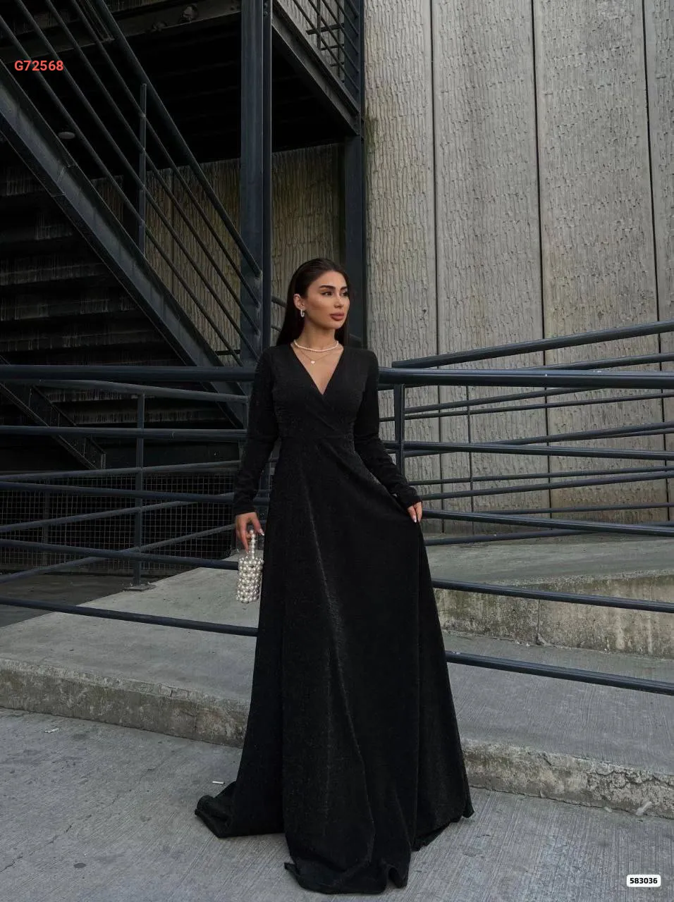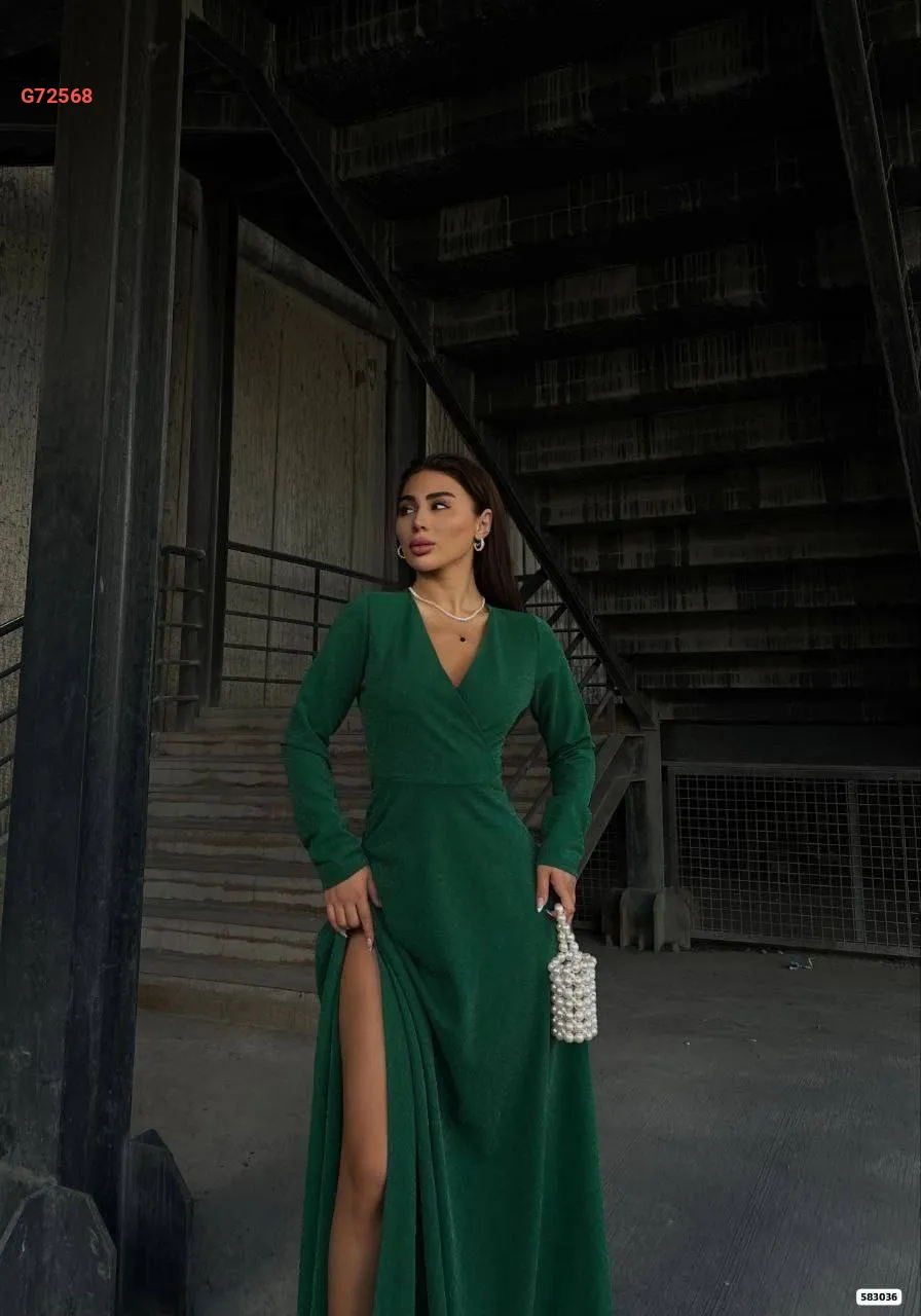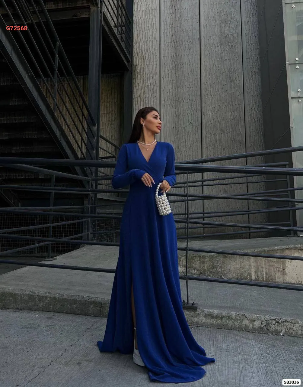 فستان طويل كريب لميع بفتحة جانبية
──────
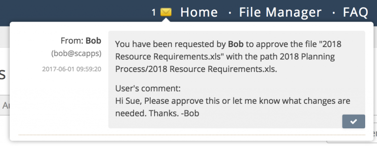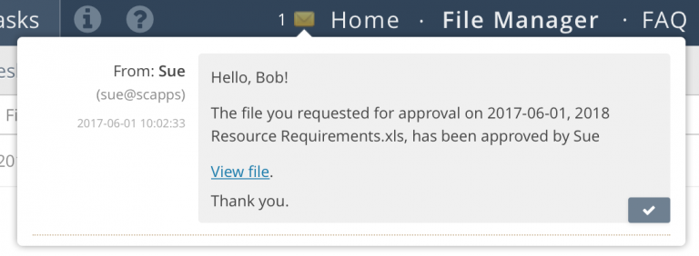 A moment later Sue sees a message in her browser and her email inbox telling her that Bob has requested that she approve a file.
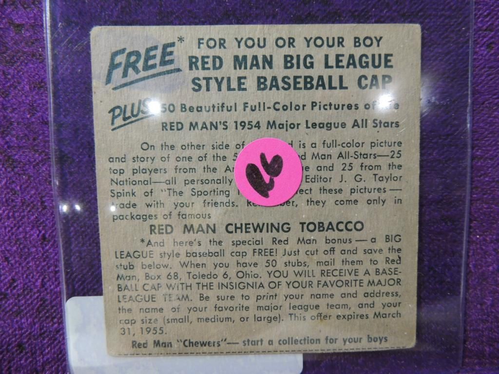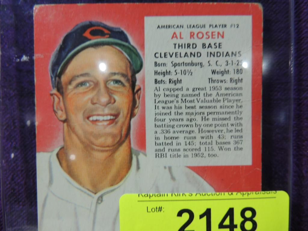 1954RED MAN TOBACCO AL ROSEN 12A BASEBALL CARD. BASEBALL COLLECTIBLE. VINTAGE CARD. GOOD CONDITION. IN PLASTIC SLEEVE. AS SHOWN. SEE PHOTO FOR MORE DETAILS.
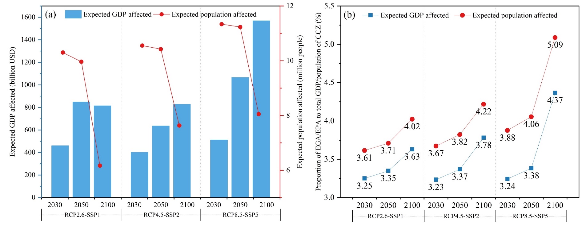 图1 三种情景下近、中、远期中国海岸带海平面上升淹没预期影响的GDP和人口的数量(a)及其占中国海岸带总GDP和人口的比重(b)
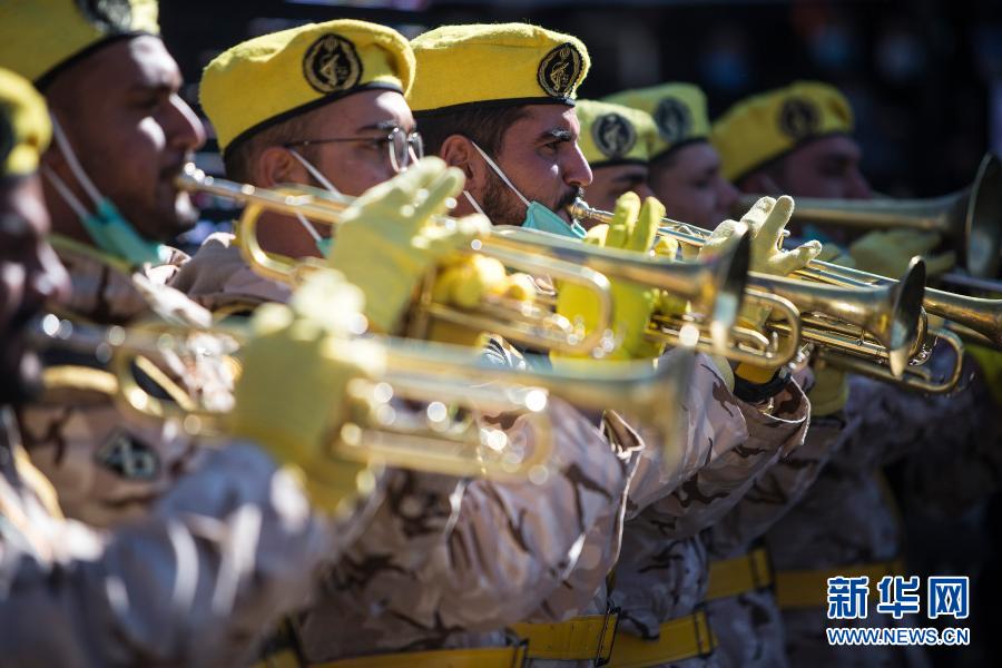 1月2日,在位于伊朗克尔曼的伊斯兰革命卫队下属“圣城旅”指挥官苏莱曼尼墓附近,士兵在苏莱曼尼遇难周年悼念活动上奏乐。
──────
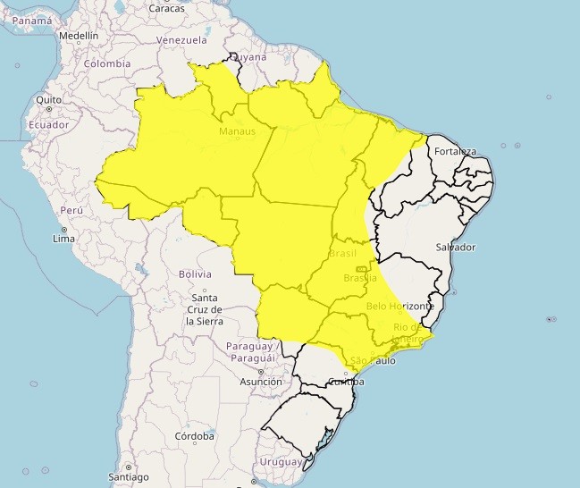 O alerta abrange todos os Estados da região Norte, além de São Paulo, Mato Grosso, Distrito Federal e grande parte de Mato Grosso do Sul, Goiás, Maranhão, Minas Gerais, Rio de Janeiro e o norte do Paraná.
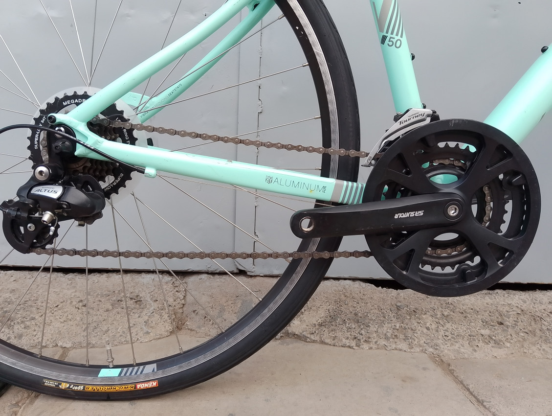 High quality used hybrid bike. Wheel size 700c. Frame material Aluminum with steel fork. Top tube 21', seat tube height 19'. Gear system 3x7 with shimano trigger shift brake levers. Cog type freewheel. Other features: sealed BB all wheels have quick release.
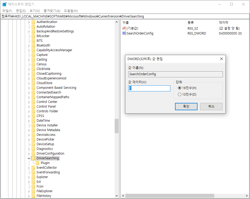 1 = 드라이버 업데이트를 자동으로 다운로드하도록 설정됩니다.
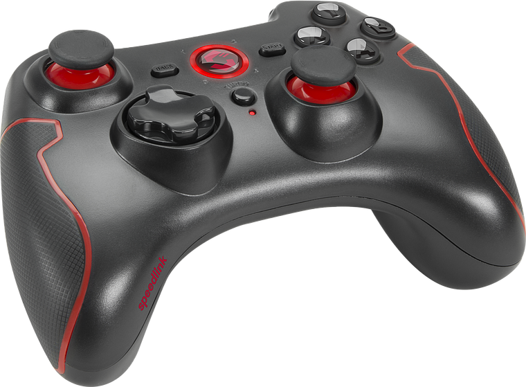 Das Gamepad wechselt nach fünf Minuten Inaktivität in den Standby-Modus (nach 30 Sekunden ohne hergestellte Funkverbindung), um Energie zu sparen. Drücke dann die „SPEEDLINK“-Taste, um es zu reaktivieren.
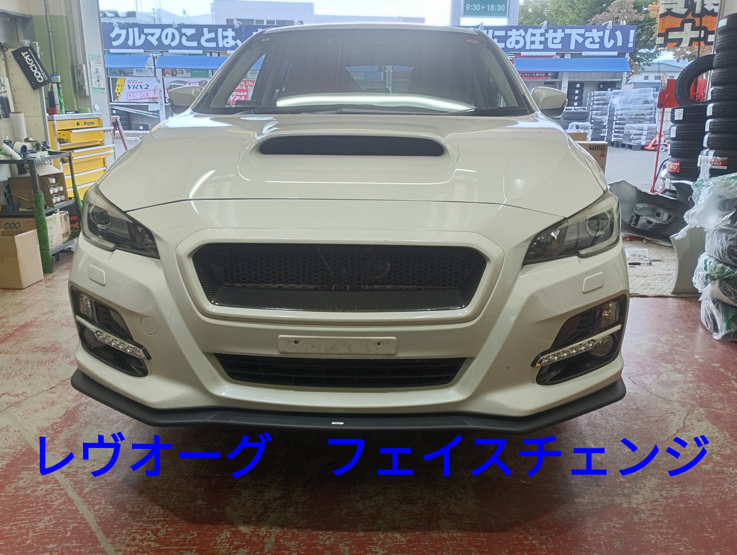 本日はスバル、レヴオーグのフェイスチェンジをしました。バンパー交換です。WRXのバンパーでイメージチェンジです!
──────
Work instructions: Among the lines above, the one with "1954RED MAN TOBACCO" opens the part to repeat and the one with "1月2日,在位于伊朗克尔曼的" closes it; repeat only that part exactly, with no pictures.

Solution to the exercise:
 1954RED MAN TOBACCO AL ROSEN 12A BASEBALL CARD. BASEBALL COLLECTIBLE. VINTAGE CARD. GOOD CONDITION. IN PLASTIC SLEEVE. AS SHOWN. SEE PHOTO FOR MORE DETAILS.
 图1 三种情景下近、中、远期中国海岸带海平面上升淹没预期影响的GDP和人口的数量(a)及其占中国海岸带总GDP和人口的比重(b)
 1月2日,在位于伊朗克尔曼的伊斯兰革命卫队下属“圣城旅”指挥官苏莱曼尼墓附近,士兵在苏莱曼尼遇难周年悼念活动上奏乐。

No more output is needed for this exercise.